How easily could WAMI be used as a front-end to a Sphinx server?  Or would it make more sense to use MIT's backend server for recognition (8kHz) and modify the app to send audio data asynchronously (16kHz) to a VoxForge server?

Very interesting... I've got lots of reading to do.

Ken

Re: Using Games as a Way to Get Users to Submit Speech
User: kmaclean
Date: 9/16/2009 10:31 pm
Views: 957
Rating: 8

Here is a proof of concept app (http://www.voxforge.org/testApp.html) using the WAMI toolkit that 'speechifies' the Free Rice word definition game.  This app uses MIT's Speech Rec and TTS engines, but could be set up to use another speech recognition engine...

There is only one definition and no scores are kept, but it certainly demonstrates the power of the WAMI toolkit to help developers create novel speech enabled web apps.

I think for us, the true value would be in letting us experiment by creating different games to collect speech.  Once one becomes successful, we can then look at modifying the app and migrating it to the VoxForge servers so we can collect the speech. 

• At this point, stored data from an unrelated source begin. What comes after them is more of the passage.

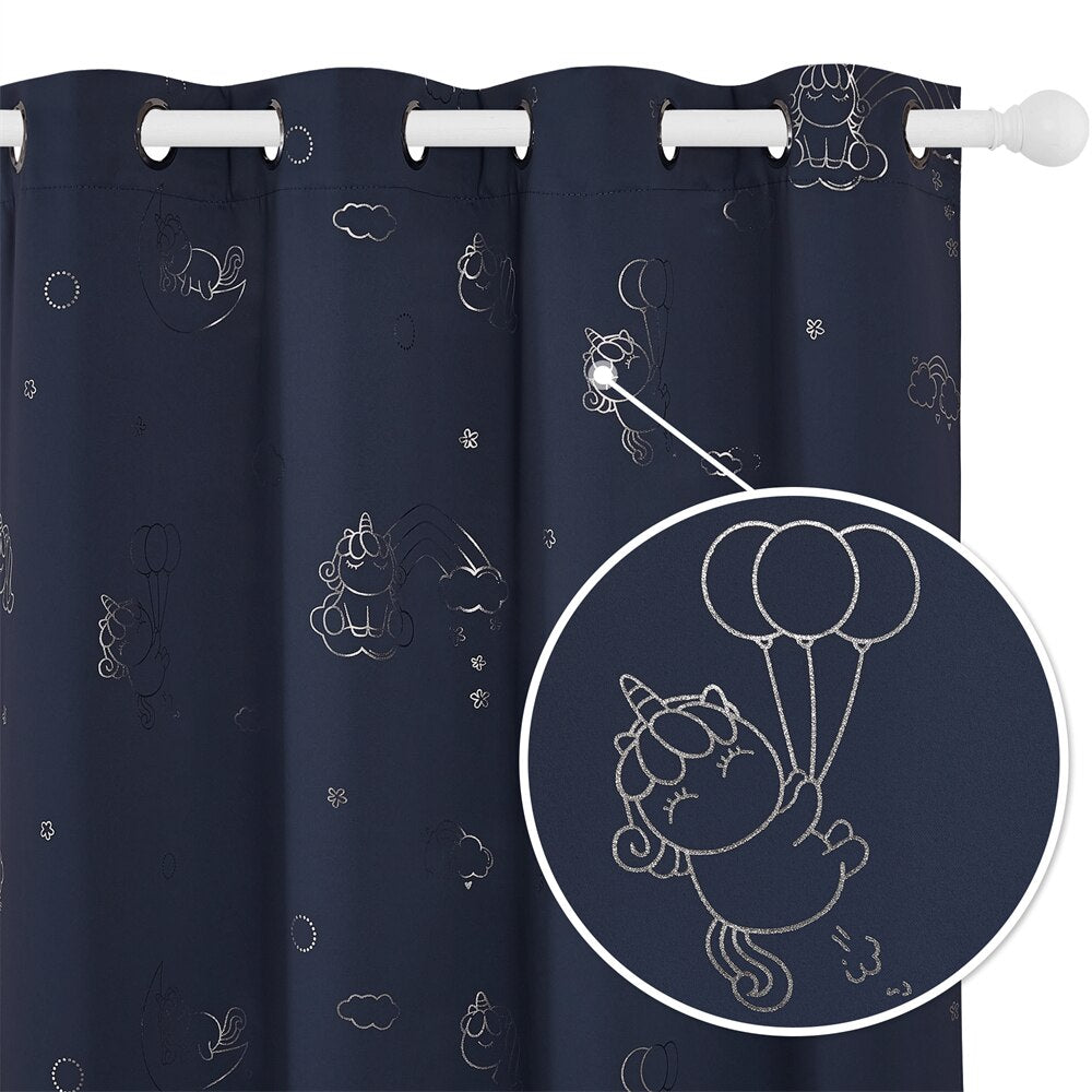 Skab Drømmende Nætter med et Mørkeblå Gardin med Sølv Enhjørninger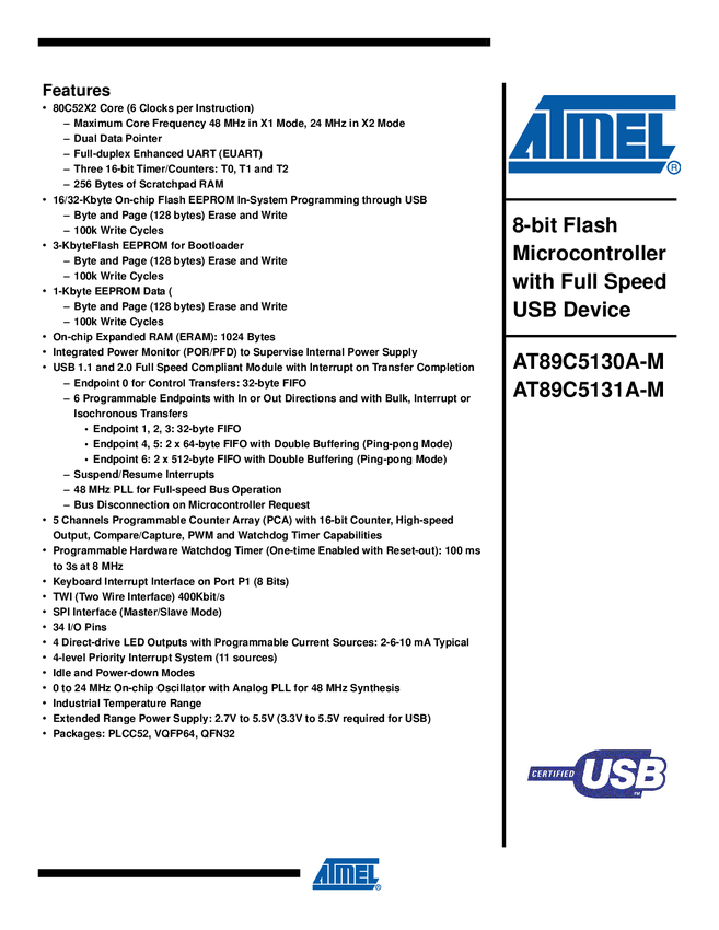 AT89C5130A-M AT89C5130A-M, AT89C5131A-M - Complete Datasheet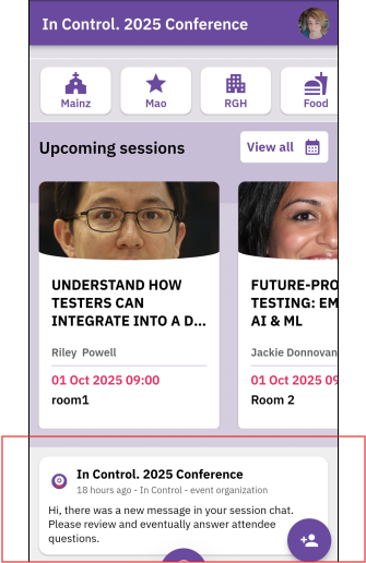 The run.events mobile app allows attendees to chat directly with event speakers. This feature empowers attendees to network, explore specific topics or areas of interest, and engage in meaningful conversations.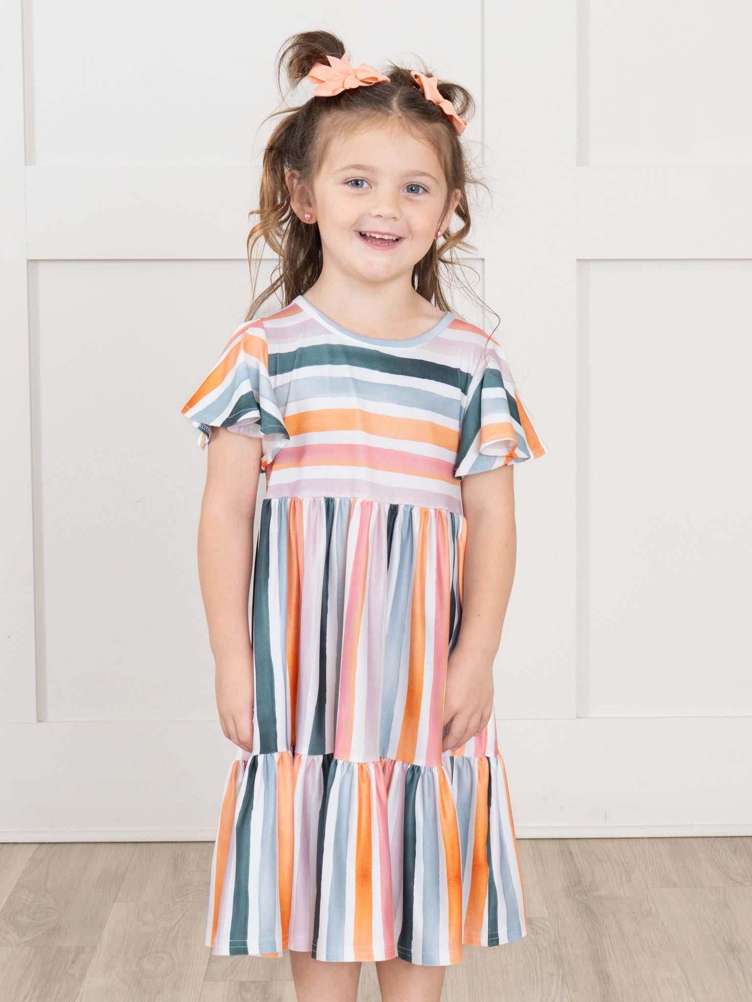 This Coastal Tide Tiered Stripe Ruffle Dress by Marie Nicole Clothing features the sweetest stripes & ruffle trim for a beautiful family match. With colors inspired by the sea foam and sunny beaches, this soft, comfy one-piece is perfect for warmer weather, whether spring or summer. The lovely ruffles make it extra cute. As a Mom & Me set, it is perfect for family matching!

We would be using the 'Fail Fast' approach described in an earlier post in this thread.

Ken

Re: Using Games as a Way to Get Users to Submit Speech
User: WAMI Team
Date: 10/5/2009 10:06 am
Views: 282
Rating: 8

Just so everyone knows, this technique has also been extended to continuous speech using the Voice Scatter game on Quizlet.com.


Publication: http://wami.csail.mit.edu/papers/QuizletSlate2009.pdf

Re: Using Games as a Way to Get Users to Submit Speech
User: kmaclean
Date: 8/4/2010 1:39 pm
Views: 2087
Rating: 8

This might be a good resource:

AudioGames.net is a community portal for audio games: games based on sound. An audio game is a game that consists (only) of sound. Its gamemechanics are usually based on the possibilites of sound as well. Usually (but not always) audio games have only auditive (so no visual!) output. We think audio games have the potentional to be a genre on its own due to the immense undiscovered possibilities of sound. Audiogames.net aims to promote audio games and support and inform the audio game community. By providing a clear view on the audio game genre we also contribute to the evergrowing game industry that is only just now beginning to recognize some of the potentials of sound.